**Task instructions:** Give back each entry exactly as written, apart from the pictures.

BEGIN Task material

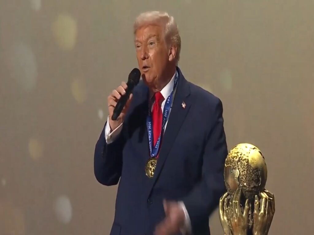 अमेरिकेचे राष्ट्राध्यक्ष डोनाल्ड ट्रम्प यांना वॉशिंग्टनमध्ये 2026 फिफा विश्वचषक स्पर्धेच्या अधिकृत ड्रॉ समारंभात शुक्रवारी फिफाचा पहिला शांतता पुरस्कार मिळाला. “लोकांना एकत्र करणाऱ्या आणि भावी पिढ्यांसाठी आशा निर्माण करणाऱ्या व्यक्तींचा” सन्मान करण्यासाठी हा पुरस्कार तयार करण्यात आला आहे. युनायटेड स्टेट्स 2026 च्या विश्वचषकाचे मेक्सिको आणि कॅनडासह सह-यजमान आहे.
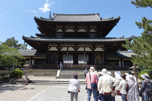 バス内で事前にガイドさんから法隆寺にまつわるミニ知識を学習していたおかげで、法隆寺境内内の建物や仏像について確認しながら見学することができました。法隆寺境内から夢殿まで行き、バスに帰るまで約一時間半の道のりでした。炎天下の中、御高齢の方もおられましたが、ガイドさんの水分補給の指示と、できるだけ日陰を歩くように配慮していただいたおかげで、全員無事に見学をすることができました。
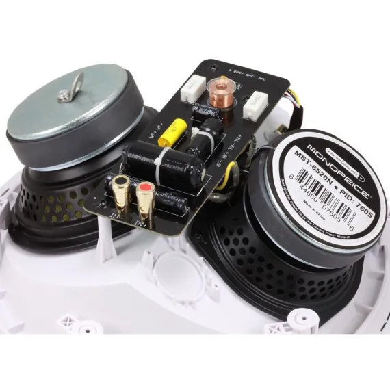 Monoprice Caliber Ceiling Speakers 6.5in Fiber 3-Way with Concentric Mid/Highs (pair) delivers rich and immersive sound for home or commercial audio setups. Designed for in-wall or ceiling installation, it blends performance with aesthetics.
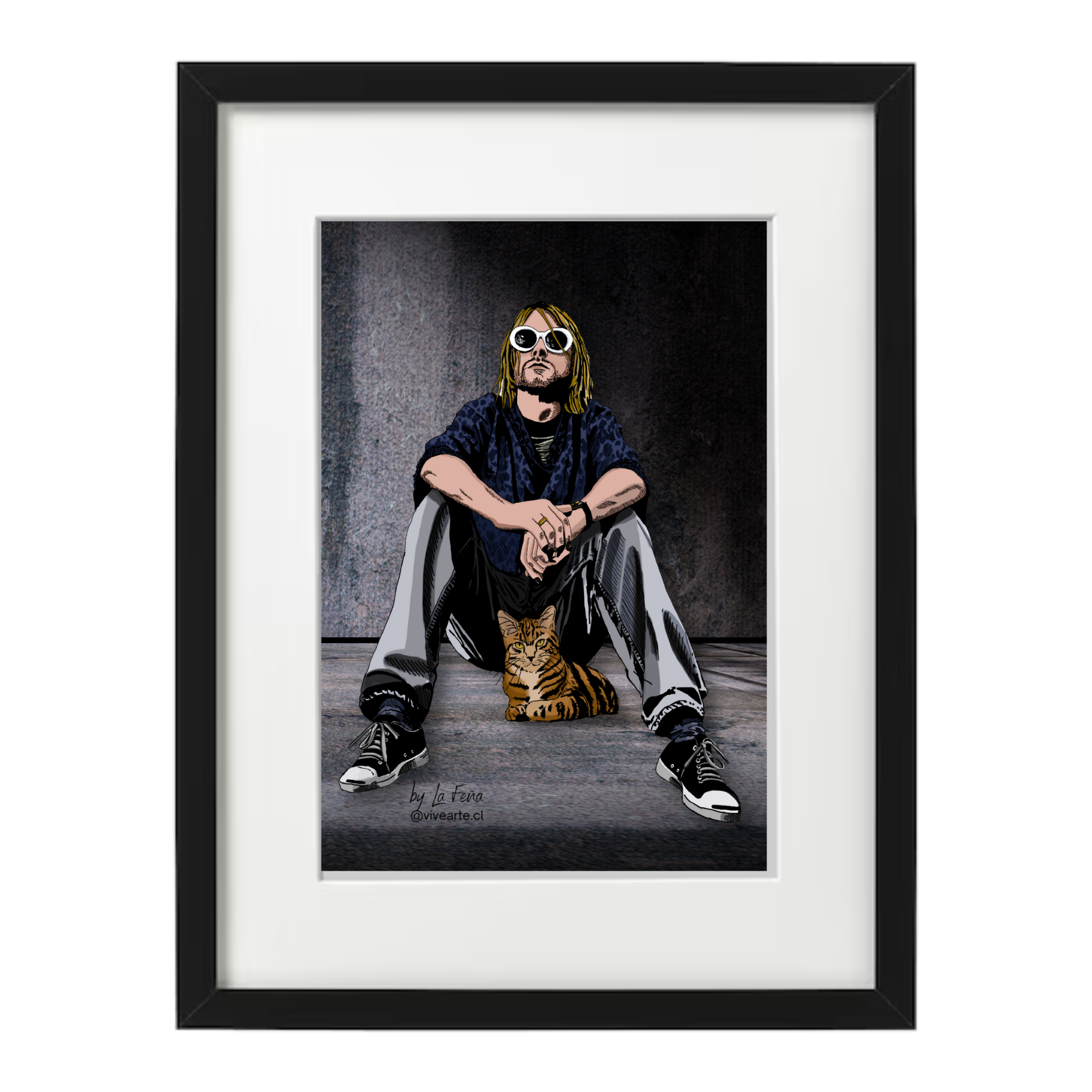 Hermosa Ilustración de Kurt Cobain enmarcada.
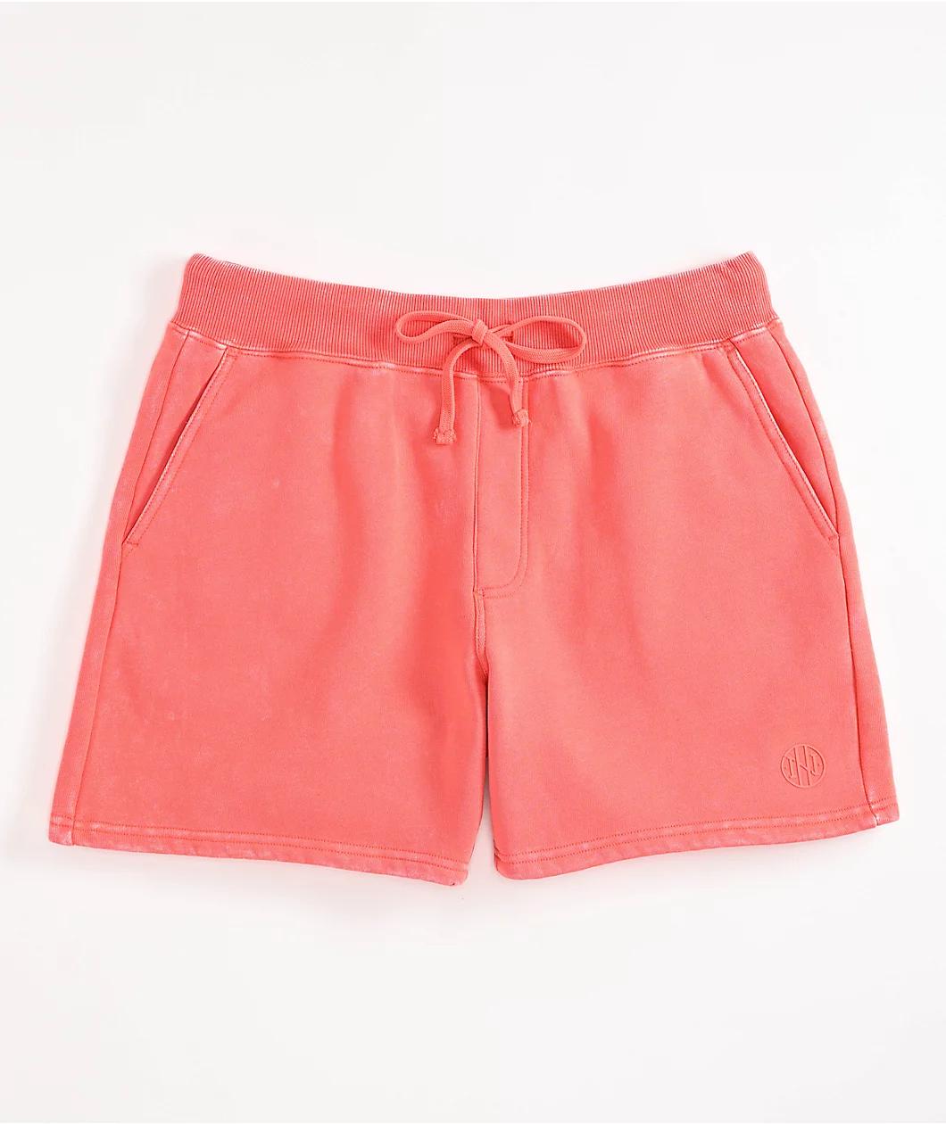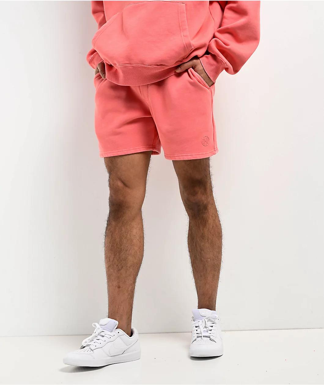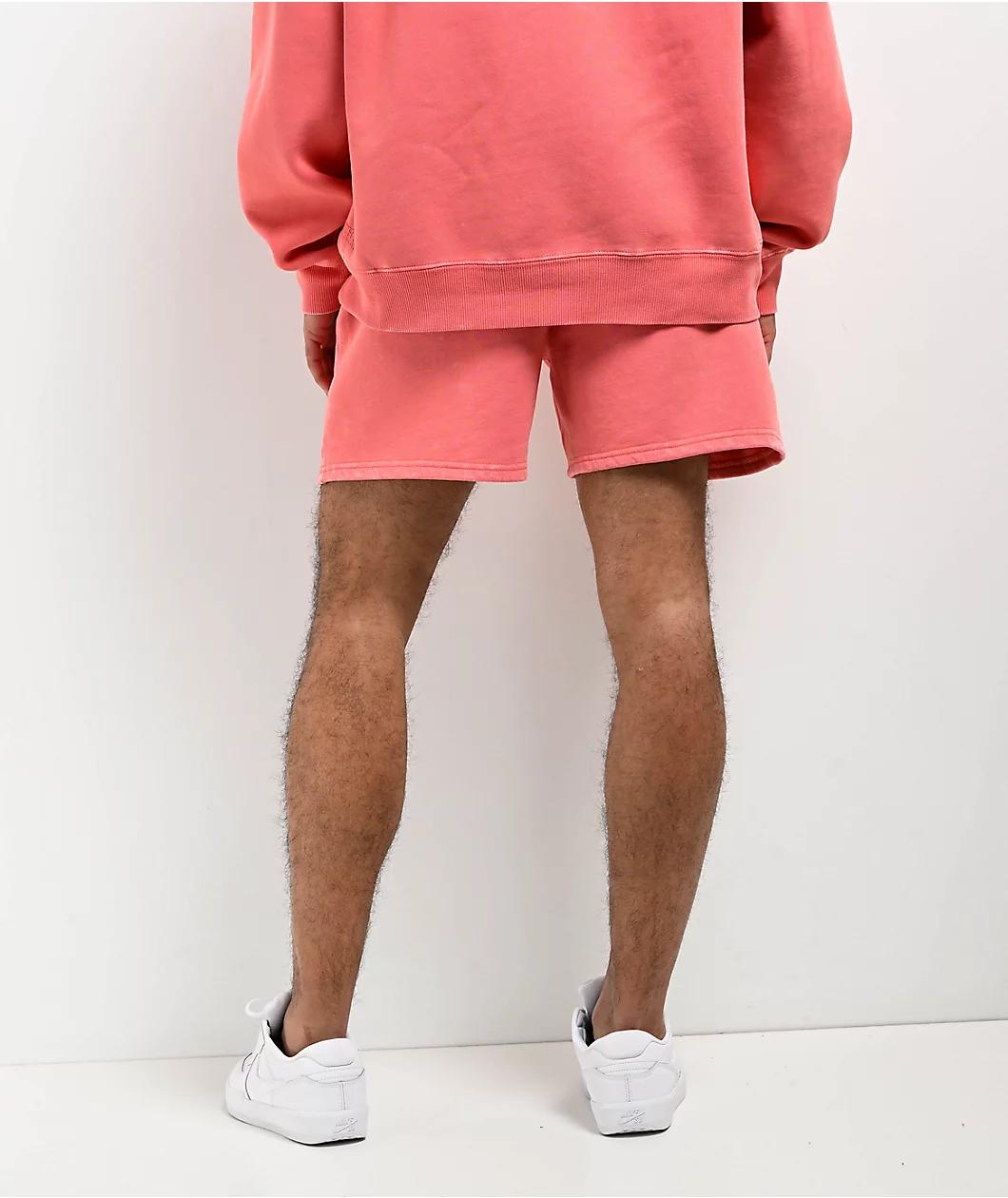 Ninth Hall Fundamentals presents the Rose sweat shorts in a pink washed colorway. Above the left back pocket, there is silicone branding as well as above the left leg opening.

END Task material

**Output below:**
 अमेरिकेचे राष्ट्राध्यक्ष डोनाल्ड ट्रम्प यांना वॉशिंग्टनमध्ये 2026 फिफा विश्वचषक स्पर्धेच्या अधिकृत ड्रॉ समारंभात शुक्रवारी फिफाचा पहिला शांतता पुरस्कार मिळाला. “लोकांना एकत्र करणाऱ्या आणि भावी पिढ्यांसाठी आशा निर्माण करणाऱ्या व्यक्तींचा” सन्मान करण्यासाठी हा पुरस्कार तयार करण्यात आला आहे. युनायटेड स्टेट्स 2026 च्या विश्वचषकाचे मेक्सिको आणि कॅनडासह सह-यजमान आहे.
 バス内で事前にガイドさんから法隆寺にまつわるミニ知識を学習していたおかげで、法隆寺境内内の建物や仏像について確認しながら見学することができました。法隆寺境内から夢殿まで行き、バスに帰るまで約一時間半の道のりでした。炎天下の中、御高齢の方もおられましたが、ガイドさんの水分補給の指示と、できるだけ日陰を歩くように配慮していただいたおかげで、全員無事に見学をすることができました。
 Monoprice Caliber Ceiling Speakers 6.5in Fiber 3-Way with Concentric Mid/Highs (pair) delivers rich and immersive sound for home or commercial audio setups. Designed for in-wall or ceiling installation, it blends performance with aesthetics.
 Hermosa Ilustración de Kurt Cobain enmarcada.
 Ninth Hall Fundamentals presents the Rose sweat shorts in a pink washed colorway. Above the left back pocket, there is silicone branding as well as above the left leg opening.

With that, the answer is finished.